This opinion will be unpublished and may not be cited except as provided by Minn . Stat. § 480A.08, subd. 3 (2018). Affirmed
Bratvold, Judge Washington County District Court
File No. 82-CR-16-5240 Keith Ellison, Attorney General, St. Paul, Minnesota; and Pete Orput, Washington County Attorney, Nicholas A. Hydukovich, Assistant County Attorney, Stillwater, Minnesota (for respondent) Glenn P. Bruder, Mitchell, Bruder & Johnson, Edina, Minnesota (for appellant) Considered and decided by Reilly, Presiding Judge; Rodenberg, Judge; and Bratvold, Judge.
UNPUBLISHED OPINION
BRATVOLD, Judge
In this direct appeal from the judgment of conviction of criminal sexual conduct in the first and second degree, appellant contends that three errors require reversal. First, he argues that the district court plainly erred because its jury instructions constructively amended the complaint and affected his substantial rights. Second, appellant claims that the district court abused its discretion by failing to sanction the state for a discovery violation. Third, appellant argues that the record evidence is insufficient to sustain his conviction of second-degree criminal sexual conduct. We conclude that the district court did not abuse its discretion in instructing the jury on the date of the offenses to conform to the evidence presented at trial, the state did not commit a discovery violation, and the evidence is sufficient to support appellant's conviction. Accordingly, we affirm.
FACTS
Appellant Timothy James Niedermayer and J.C. started a romantic relationship in 2013, and got engaged in November 2013. They had no children together, but J.C. had five children from prior relationships. Three of the children were triplets, one of whom was K.K.

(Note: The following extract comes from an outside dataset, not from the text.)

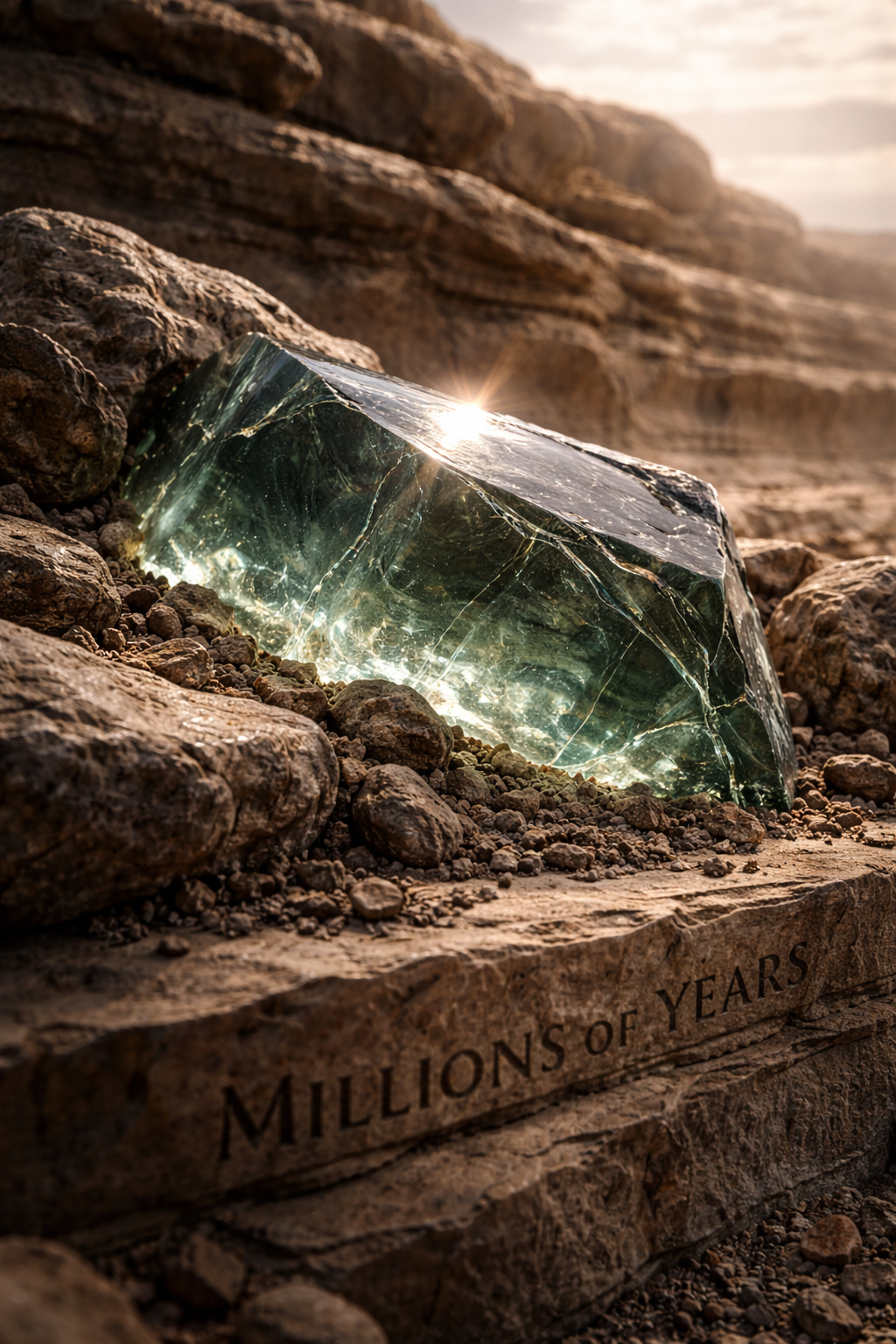 Mluvíme o milionech až miliardách let (geologické časové měřítko). Většina materiálů (jako kovy nebo organické látky) za tu dobu podlehnou korozi, rozkladu nebo erozi. Sklo je ale neuvěřitelně stabilní solidní látka.

Niedermayer owned a home in Maplewood. He and J.C. rented a second home in Oakdale and, in April 2014, J.C., her five children, her parents, and Niedermayer moved into the Oakdale home. Niedermayer also kept his home in Maplewood. Niedermayer lived at the Oakdale home "full-time" for the first two or three weeks, and then "off and on" after that. He was "really good with the kids" and showed particular affection towards K.K. J.C. "thought it was just . . . nice" that Niedermayer was getting along with her kids.
Niedermayer did not like the sleeping arrangements at the Oakdale home because J.C.'s children sometimes slept with her. When the children slept in their bed, Niedermayer "would leave the bed and go on the floor." He would also sometimes go into K.K.'s room, which she shared with a sibling, and sleep on the floor. K.K. sometimes slept in J.C. and Niedermayer's bed. A.J., who was three years older than K.K., did not often sleep in her mother's bed unless she was sick.
J.C. and her family moved out of the Oakdale house in April 2015. A few weeks later, J.C. and Niedermayer stopped dating, but remained on good terms; and they often talked by phone and discussed getting "back together."
Also in April 2015, J.C. observed that K.K., who had just turned ten years old, stopped wearing "girly" clothes, such as dresses, and began wearing "baggy clothes," such as sweatpants and sweatshirts. K.K. would cry when J.C. asked her to wear something else. J.C. also noticed that K.K. had become angry and "withdrawn" and had lost interest in her favorite sports.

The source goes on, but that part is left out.